| Exercise prompt |
Reproduce all of the data exactly. Images are not to appear in the reply.

Source records:
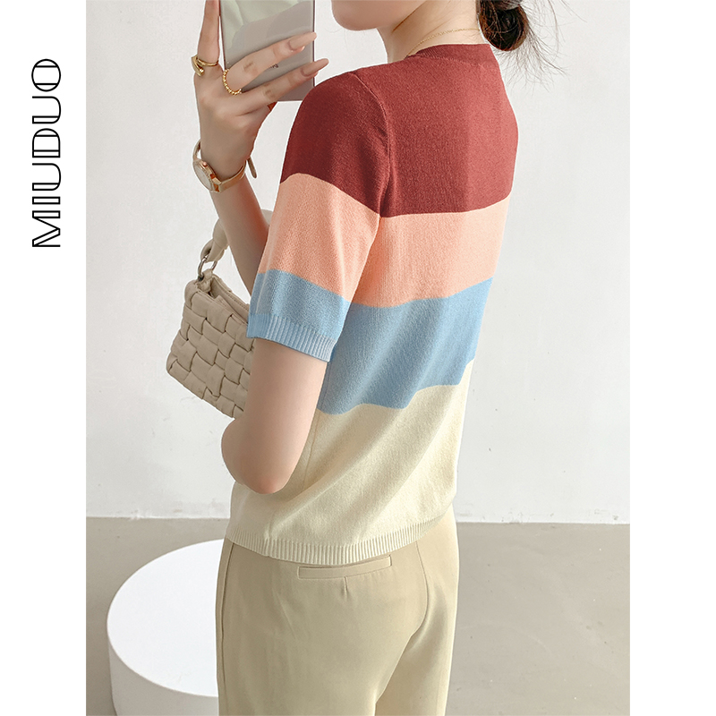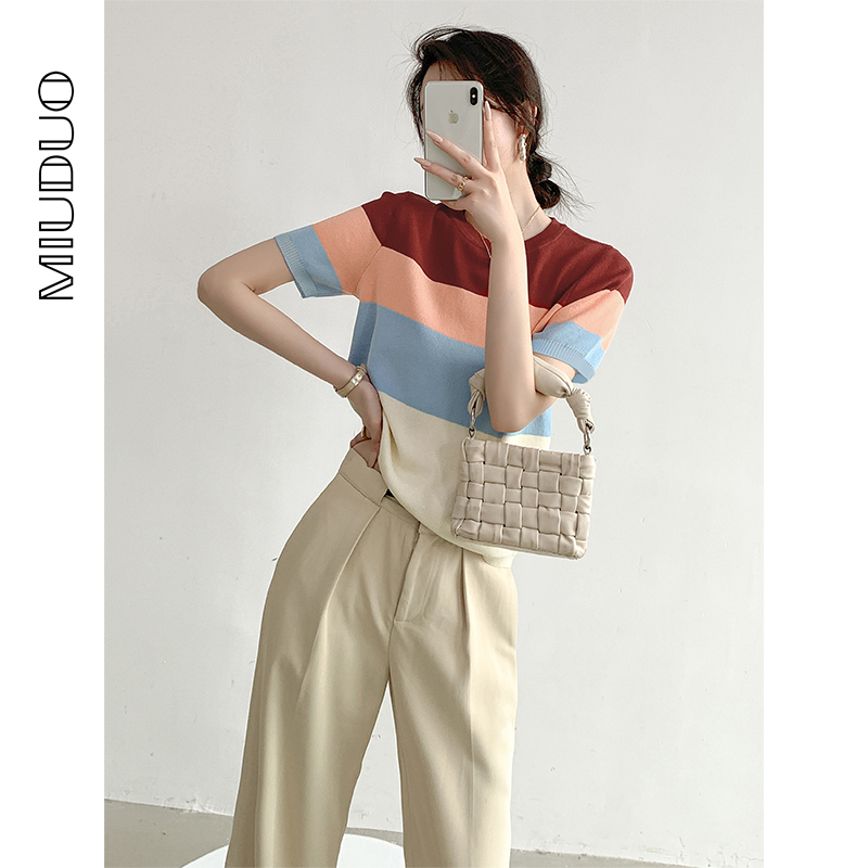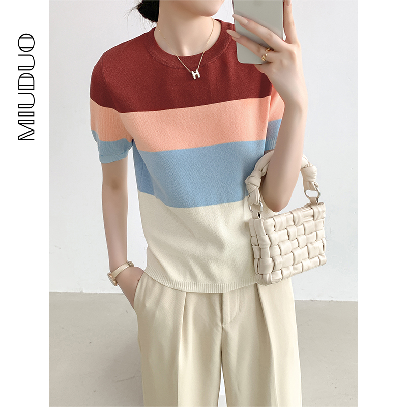 条纹短款 夏针织冰丝短袖 t恤夏季 百搭短袖 女装 原创条纹上衣女夏款
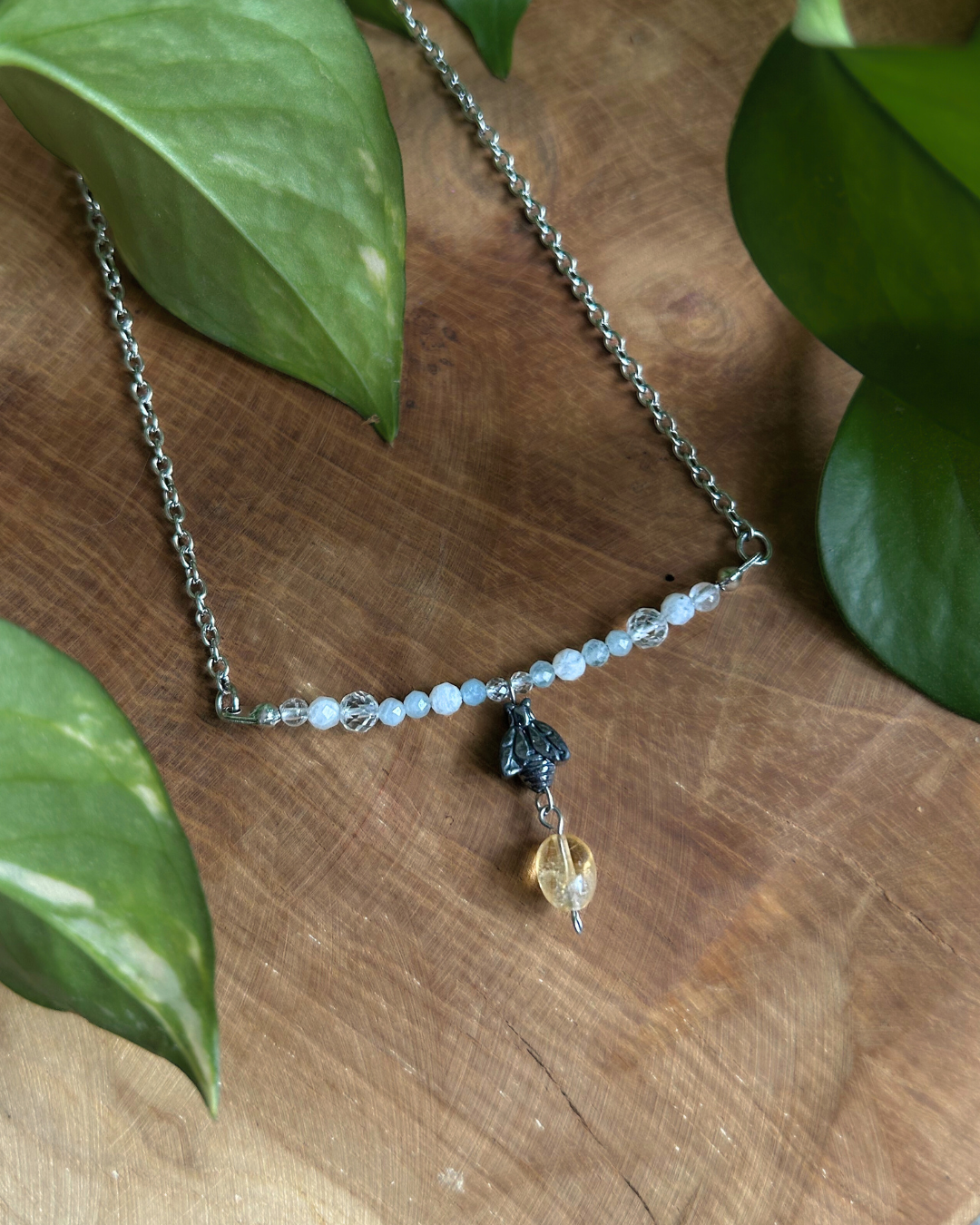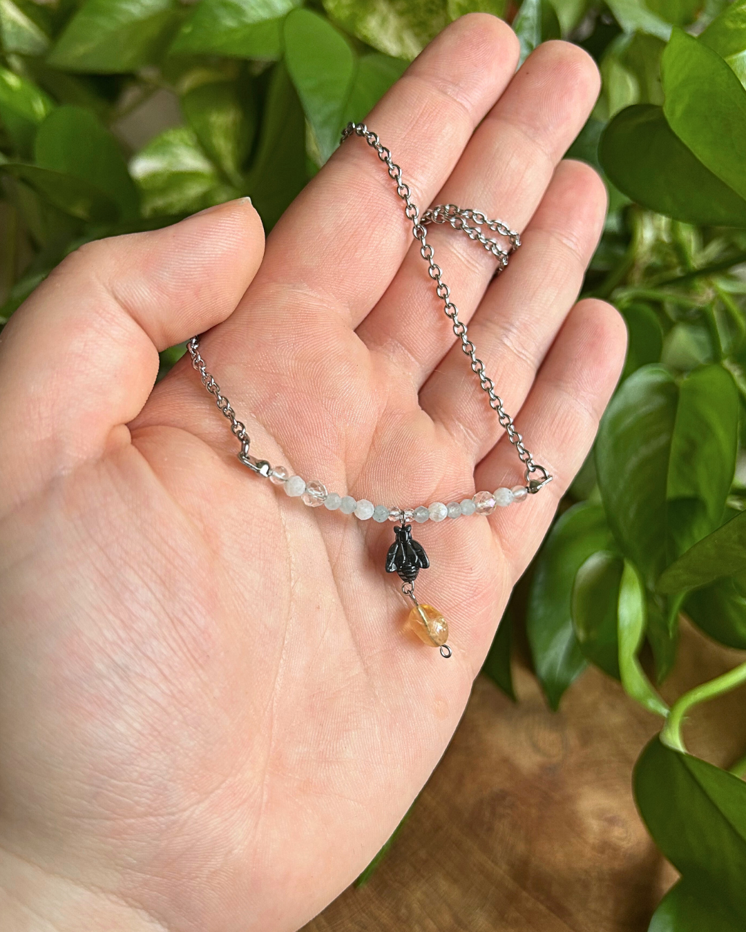 • Koraliki z kryształu górskiego, kamienia księżycowego, akwamarynu, topazu, szkła, cytrynu oraz hematytowa pszczółka
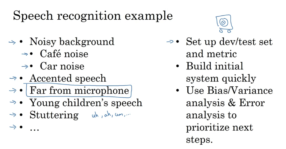 what I would recommend you do, if you’re starting on building a brand new machine learning application, is to build your first system quickly and then iterate. What I mean by that is I recommend that you first quickly set up a dev/test set and metric. So this is really deciding where to place your target. And if you get it wrong, you can always move it later, but just set up a target somewhere.
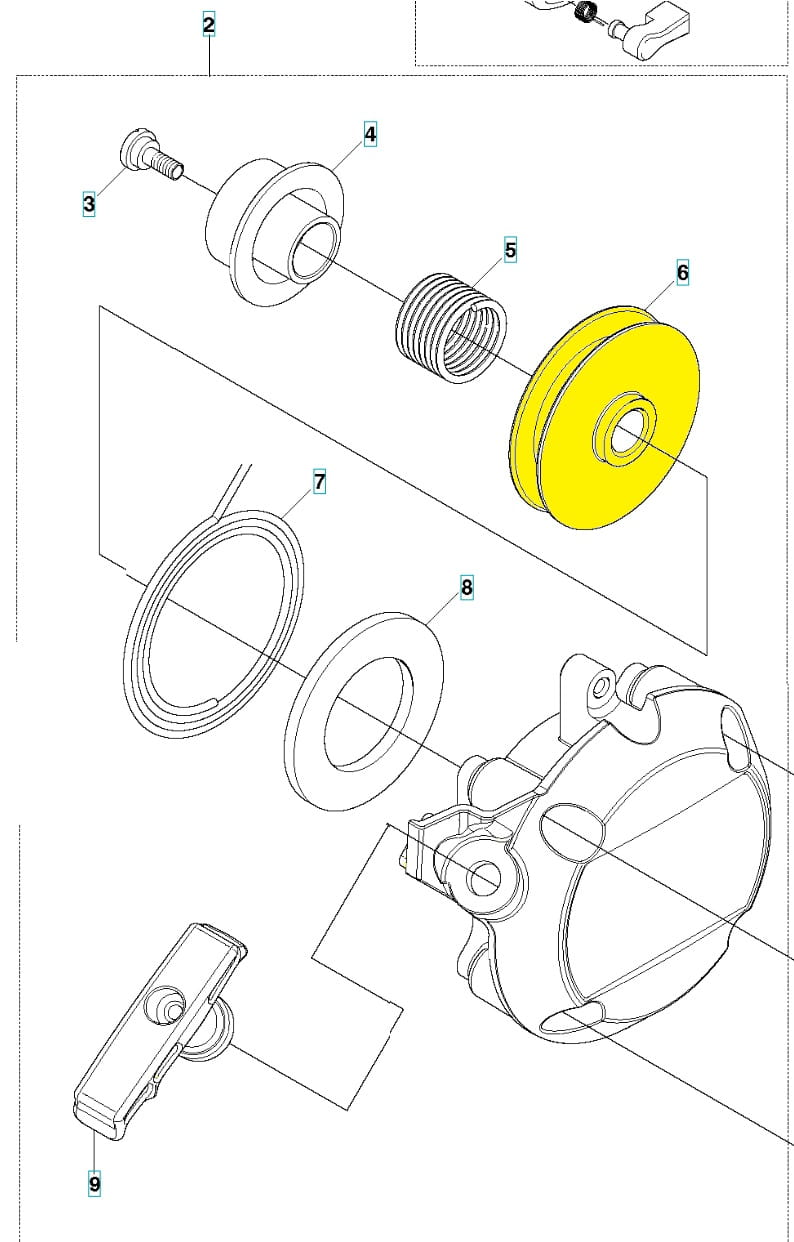 Koło linowe dedykowane do wykaszarek Husqvarna. Produkt występuje pod numerem katalogowym: 521618301. Dokładne umiejscowienie koła widoczne na załączonym schemacie. Producent Husqvarna.
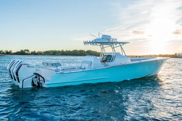 This Tribute 37 is a high-performance, custom-built center console fishing boat known for its patented stepped hull design, offering a dry, fast, and stable ride for an achievable top speed in excess of 78 mph. Featuring premium Garmin electronics, extensive fishing amenities (livewells, fish boxes, rod holders), and a focus on superior fit and finish with advanced materials. Key specs include a 37'6" LOA, 10'2" beam, 365-gallon fuel capacity, and a robust construction using epoxy-infused glass/Kevlar/carbon.
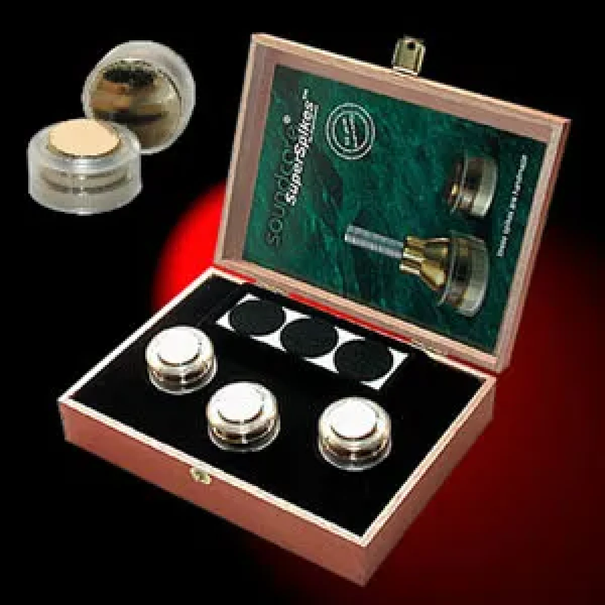 Podložka určená na přilepení k reprosoustavě či komponentu pomocí folie 3M. Provedení High End (tvrdě zlacené 24K zlatem).
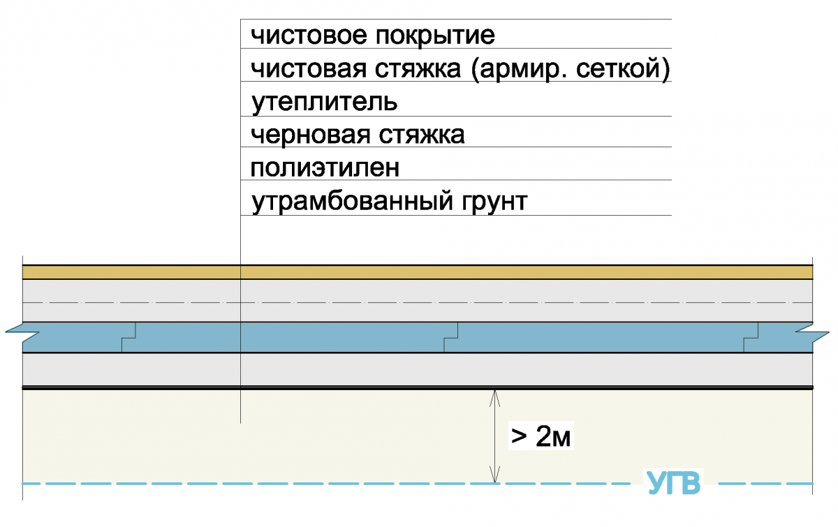 Пол по грунту – это многослойная конструкция. Ее особенности и свойства напрямую связаны с качеством и характеристиками грунта. Основное требование связано с грунтовыми водами, которые должны располагаться ниже 5 м. от поверхности земли. Это исключит подвижность и пучение грунтовых масс.
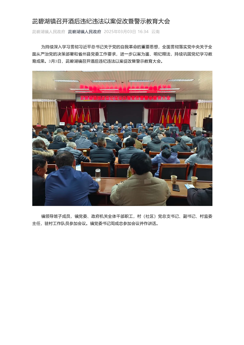 茈碧湖镇召开酒后违纪违法以案促改暨警示教育大会
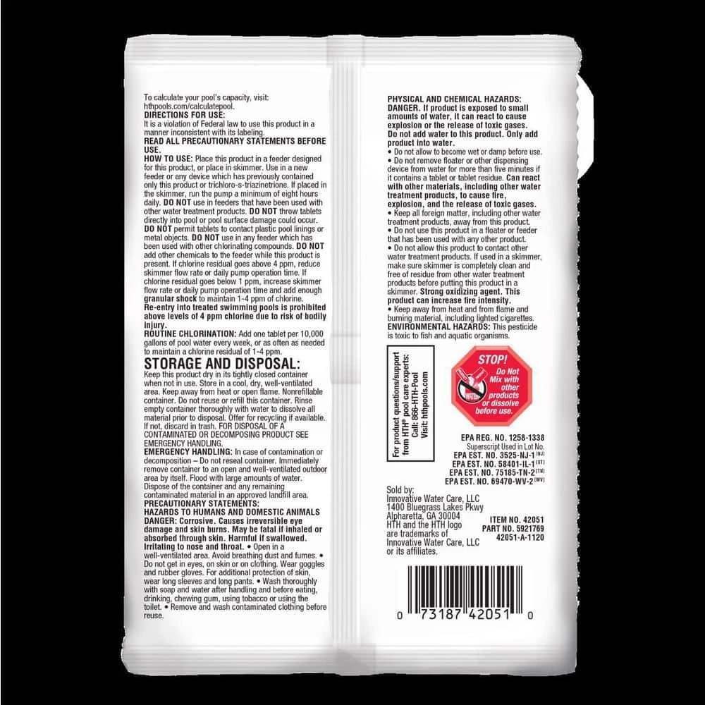 - HTH 6-in-1 chlorinating formula protects pool water, sanitizes, prevents stain and scale
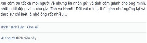 Còn với Võ Hoài Nam (sinh năm 1984) - anh trai của Võ Thành Trung chia sẻ: "Xin cảm ơn tất cả mọi người về những lời nhắn gửi và tình cảm giành cho ông mình, những lời động viên cho gia đình và Nam! Đối với mình, thời gian như ngừng lại và thực sự chỉ biết là nhớ ông rất nhiều..."
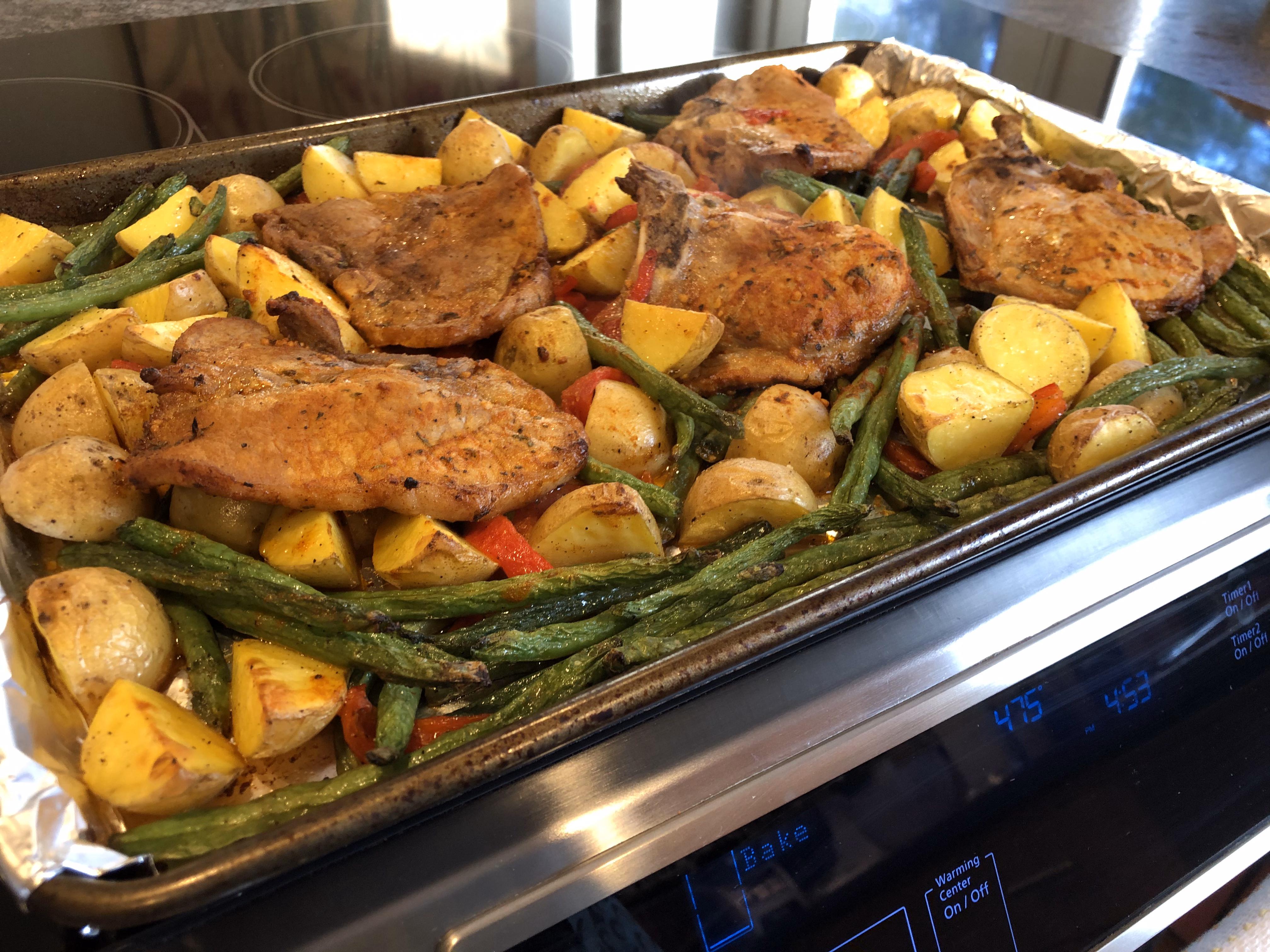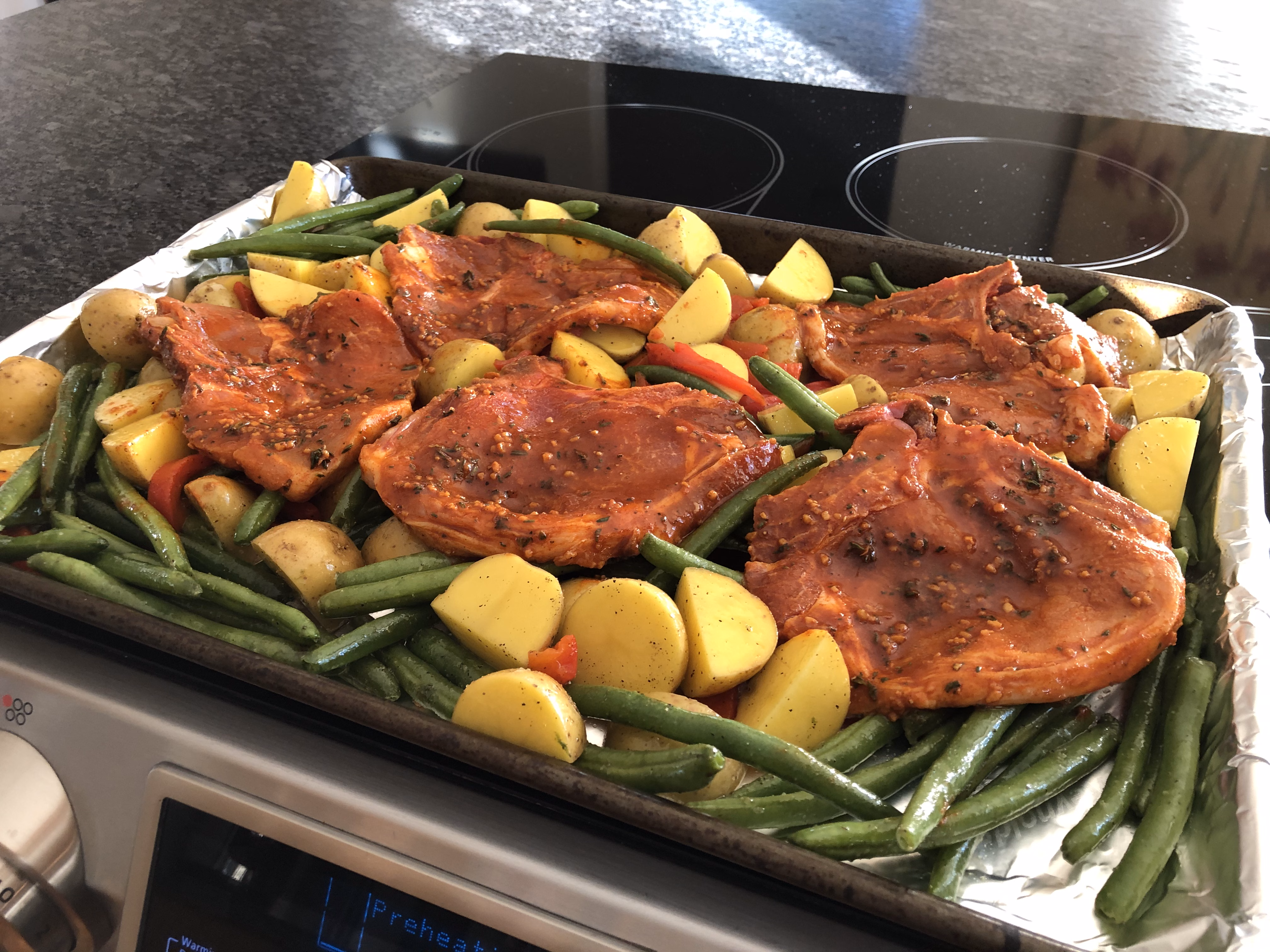 Once it is done roasting, the potatoes will have started browning, the green beans will be nice and caramelized, and the chops will be just done (juices run clear). Overcooking the pork chops will make them dry.

| Written reply |
 条纹短款 夏针织冰丝短袖 t恤夏季 百搭短袖 女装 原创条纹上衣女夏款
 • Koraliki z kryształu górskiego, kamienia księżycowego, akwamarynu, topazu, szkła, cytrynu oraz hematytowa pszczółka
 what I would recommend you do, if you’re starting on building a brand new machine learning application, is to build your first system quickly and then iterate. What I mean by that is I recommend that you first quickly set up a dev/test set and metric. So this is really deciding where to place your target. And if you get it wrong, you can always move it later, but just set up a target somewhere.
 Koło linowe dedykowane do wykaszarek Husqvarna. Produkt występuje pod numerem katalogowym: 521618301. Dokładne umiejscowienie koła widoczne na załączonym schemacie. Producent Husqvarna.
 This Tribute 37 is a high-performance, custom-built center console fishing boat known for its patented stepped hull design, offering a dry, fast, and stable ride for an achievable top speed in excess of 78 mph. Featuring premium Garmin electronics, extensive fishing amenities (livewells, fish boxes, rod holders), and a focus on superior fit and finish with advanced materials. Key specs include a 37'6" LOA, 10'2" beam, 365-gallon fuel capacity, and a robust construction using epoxy-infused glass/Kevlar/carbon.
 Podložka určená na přilepení k reprosoustavě či komponentu pomocí folie 3M. Provedení High End (tvrdě zlacené 24K zlatem).
 Пол по грунту – это многослойная конструкция. Ее особенности и свойства напрямую связаны с качеством и характеристиками грунта. Основное требование связано с грунтовыми водами, которые должны располагаться ниже 5 м. от поверхности земли. Это исключит подвижность и пучение грунтовых масс.
 茈碧湖镇召开酒后违纪违法以案促改暨警示教育大会
 - HTH 6-in-1 chlorinating formula protects pool water, sanitizes, prevents stain and scale
 Còn với Võ Hoài Nam (sinh năm 1984) - anh trai của Võ Thành Trung chia sẻ: "Xin cảm ơn tất cả mọi người về những lời nhắn gửi và tình cảm giành cho ông mình, những lời động viên cho gia đình và Nam! Đối với mình, thời gian như ngừng lại và thực sự chỉ biết là nhớ ông rất nhiều..."
 Once it is done roasting, the potatoes will have started browning, the green beans will be nice and caramelized, and the chops will be just done (juices run clear). Overcooking the pork chops will make them dry.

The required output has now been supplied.